Effect of Fallow on Nitrogen Accumulation in Soil Profile and Shallow Groundwater in Cropland Around Fuxian Lake

Abstract

Soil nitrogen accumulation in cropland and groundwater nitrogen pollution can be effectively alleviated by reducing exogenous nitrogen input, and fallow is an important measure for reducing exogenous nitrogen input. To explore the effects of fallow on nitrogen accumulation in the soil profile and shallow groundwater, the soil profile and shallow groundwater in cropland around Fuxian Lake were selected as research objects. The changes in nitrogen accumulation in the 0-100 cm soil profile and nitrogen concentration in shallow groundwater before (December 2017) and after (August 2020 and April 2021) fallow and their relationships were analyzed. The results showed that the content and storage of nitrogen in soil profiles were significantly reduced by fallow, and the contents of TN, ON, DTN, NO3--N, and NH4+-N in 0-30, 30-60, and 60-100 cm soil profiles after fallow decreased by 18.4 %-36.5 %, 16.1 %-26.8 %, 54.0 %-130.2 %, 59.5 %-90.8 %, and 60.1 %-110.6 %, respectively. The storages of TN, ON, DTN, NO3--N, and NH4+-N in 0-100 cm soil profiles before fallow were (17.20 ±0.97) t·hm-2, (15.50 ±1.23) t·hm-2, (0.68 ±0.06) t·hm-2, (266.8 ±31.17) kg·hm-2, and (18.7 ±3.04) kg·hm-2, respectively. However, their storages after fallow decreased by 25.5 %, 23.3 %, 44.7 %, 80.1 %, and 59.9 %, respectively. Fallow also changed the concentration and composition of different forms of nitrogen in shallow groundwater.

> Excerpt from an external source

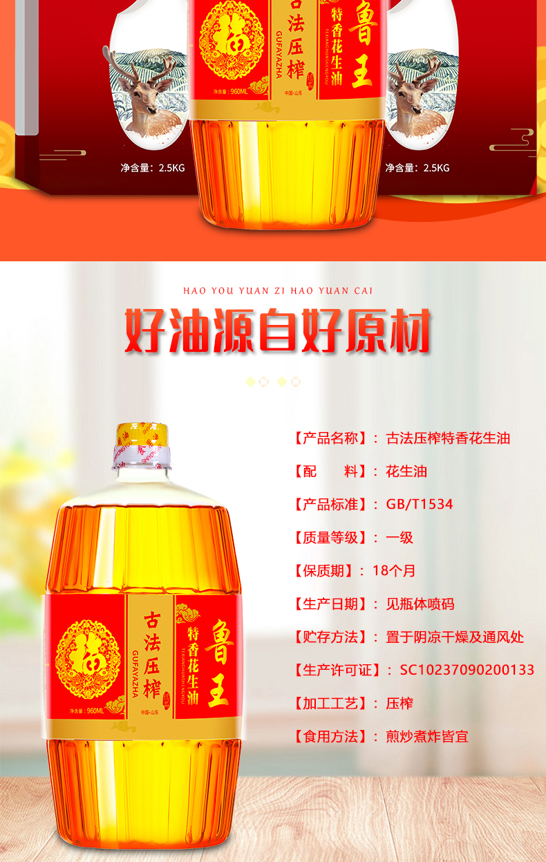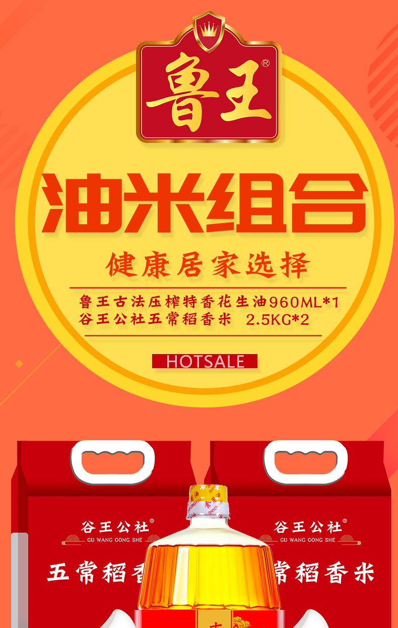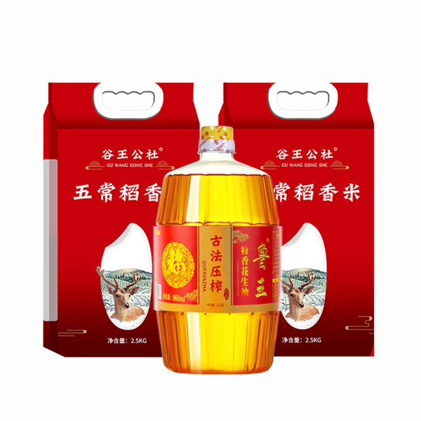 鲁王古法特香花生油960ml +谷王公社五常稻香米2.5kg*2
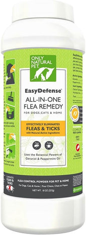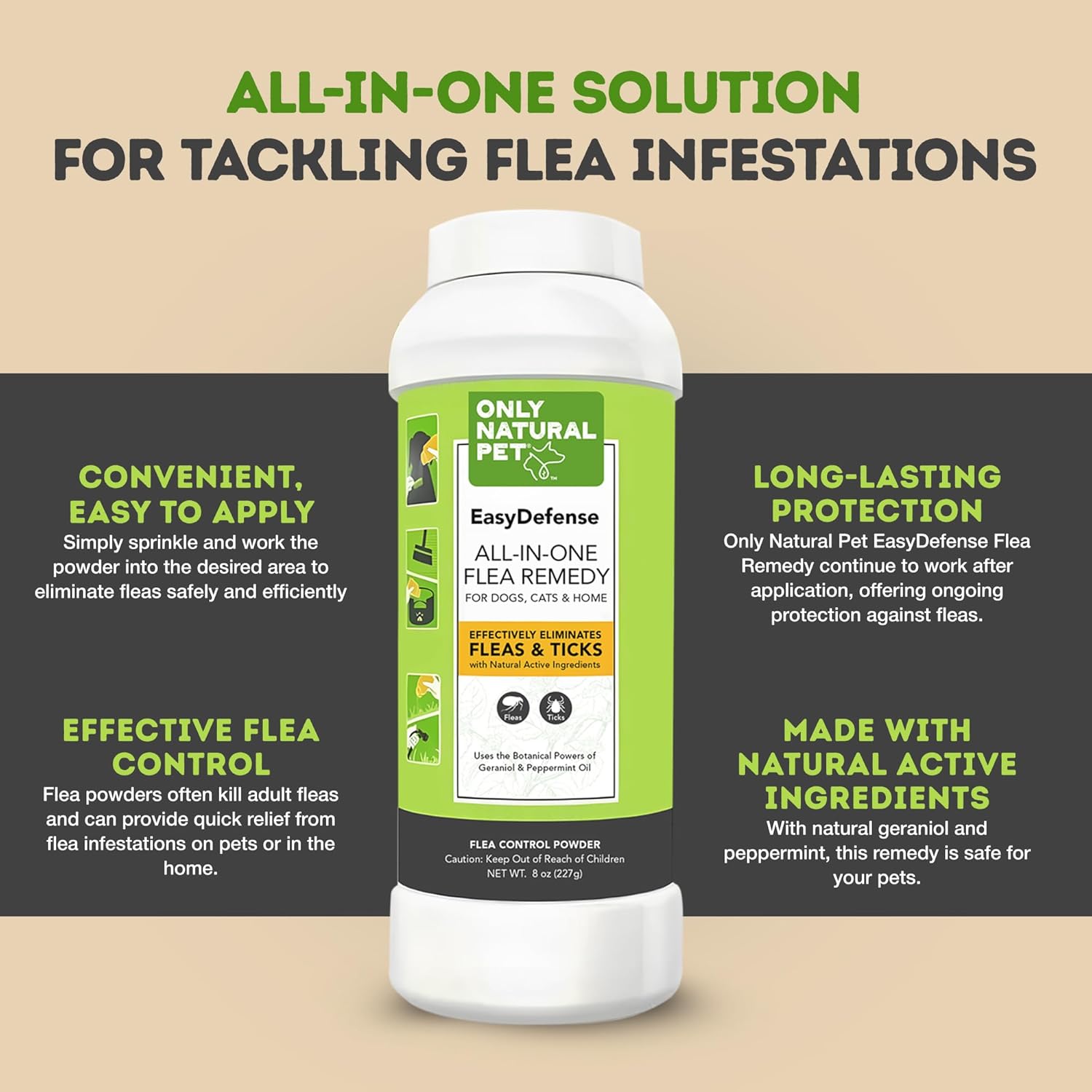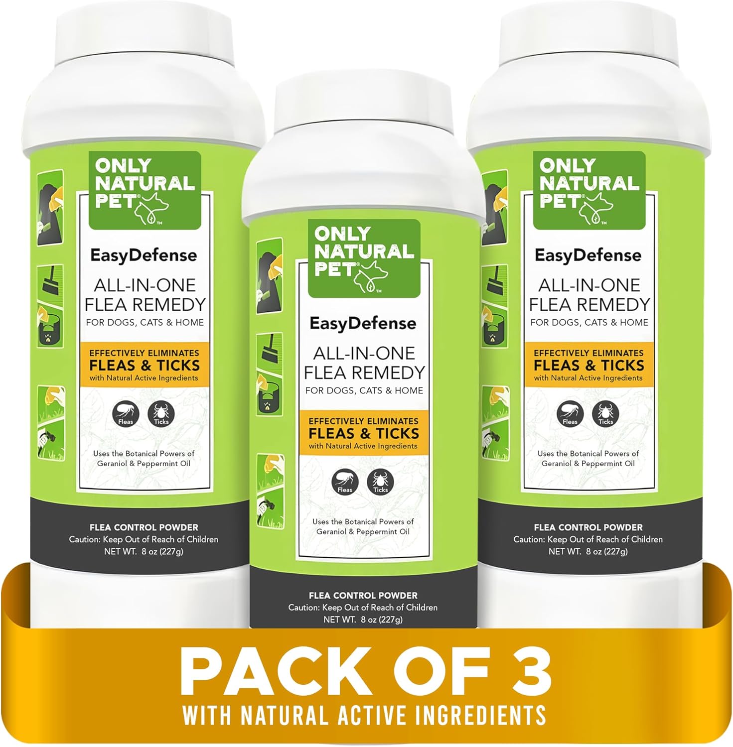 ONLY NATURAL PET EasyDefense All-in-One Flea Remedy Powder offers a plant-based solution to repel fleas and ticks naturally. Made with geraniol and peppermint, this gentle yet efficacious powder is safe for dogs and cats when used as directed. Designed for multi-surface use, it protects your home, furniture, and pet bedding while addressing flea infestations at all life stages. The convenient 3-pack ensures long-lasting coverage for a healthier, pest-free environment.

The concentrations of TN, ON, NO3--N, and NH4+-N in groundwater after fallow decreased by 88.4 %, 82.7 %, 92.1 %, and 65.8 %, respectively, and ON/TN and NH4+-N/TN increased from 26 % and 6 % before fallow to 39 % and 17 % after fallow, respectively, whereas NO3--N/TN decreased from 61 % before fallow to 41 % after fallow. Changes in nitrogen concentrations and their forms in groundwater were closely related to DTN, NO3--N, and NH4+-N in the soil profile and pH, ORP, and DO in groundwater before and after fallow. Our study highlights that fallow effectively reduced nitrogen accumulation in cropland soil profiles, further alleviating nitrogen pollution in shallow groundwater, and was conducive to preventing the deterioration of water quality in plateau lakes.